This problem is becoming more and more confusing. I’ve been playing around with things, and now, for some reason my functionals that have bulkAndEnvelope for the appliesTo method don’y have the envelope passed in as domain(s). So I can’t act on the envelope directly without the domains, right? I don’t know why they’ve suddenly disappeared, because I don’t think I’ve changed any of my code too much, and it shouldn’t really affect that.

EDIT: I’ve fixed the bulkAndEnvelope thing; it was how I was instantiating my MultiContainerBlocks (nx, ny, nz parameters rather than a lattice parameter). But I’m still lost as to why heat is being lost at that division. Within the functional, it seems that the heat is being transfered correctly, but it isn’t.

jlatt · August 12, 2010, 10:27am

Hello,

I know that at this point it is not easy to develop complicated data processors, because we are lacking corresponding documentation.

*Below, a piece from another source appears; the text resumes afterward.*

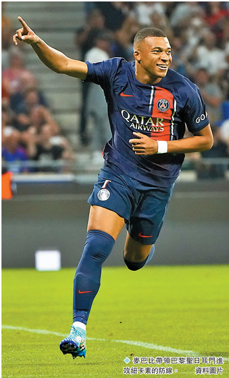
◆麥巴比帶領巴黎聖日耳門進攻紐卡素的防線。資料圖片

As for everything else, we just need to find the time to do it.

It should not be too difficult to fix your code if we step through the whole thing carefully. If I understand things right, you are accessing simultaneously two lattices and a container-block through a data processor, right? In order to find the proper design of your code, you should mention the exact access pattern of your algorithm with respect to (1) read/write access and (2) local/non-local access. For example, your algorithm could look like:

Non-local read from lattice 1 (non-local means: nearest-neighbor access, for example to compute gradients through finite differences).
Local read from lattice 2.
Non-local write to lattice 2.

Could you specify your algorithm in a similar way? It might be that you simply need to split everything into two different data processors and then everything is fine.

As a general rule, you should go for appliesTo->bulk only. Acting on the bulk and the envelope is an optimization which has its limitations and is somewhat tricky to use.

Arpon · August 16, 2010, 3:11pm

So, like you said, two lattices and a container-block are being accessed. Only the two lattices are being written, though. (Just a reminder that my container-block is storing the coordinates of a point and the coordinates of a few neighbors that I’m interested in for each point.)

(looped over coordinates in the container-block)

Local read from lattice 1
Local write to lattice 1
(Potentially) non-local read from lattice 2
(Potentially) non-local write to lattice 2

When I tried using bulkAndEnvelope, I split up steps 1 and 2 and steps 3 and 4 into two different data processors since only one lattice can be written.

jlatt · August 17, 2010, 3:14pm

It is not yet clear to me where the problem in your code is located. However, let me point out the three following facts which in my experience often prevent problems of the kind.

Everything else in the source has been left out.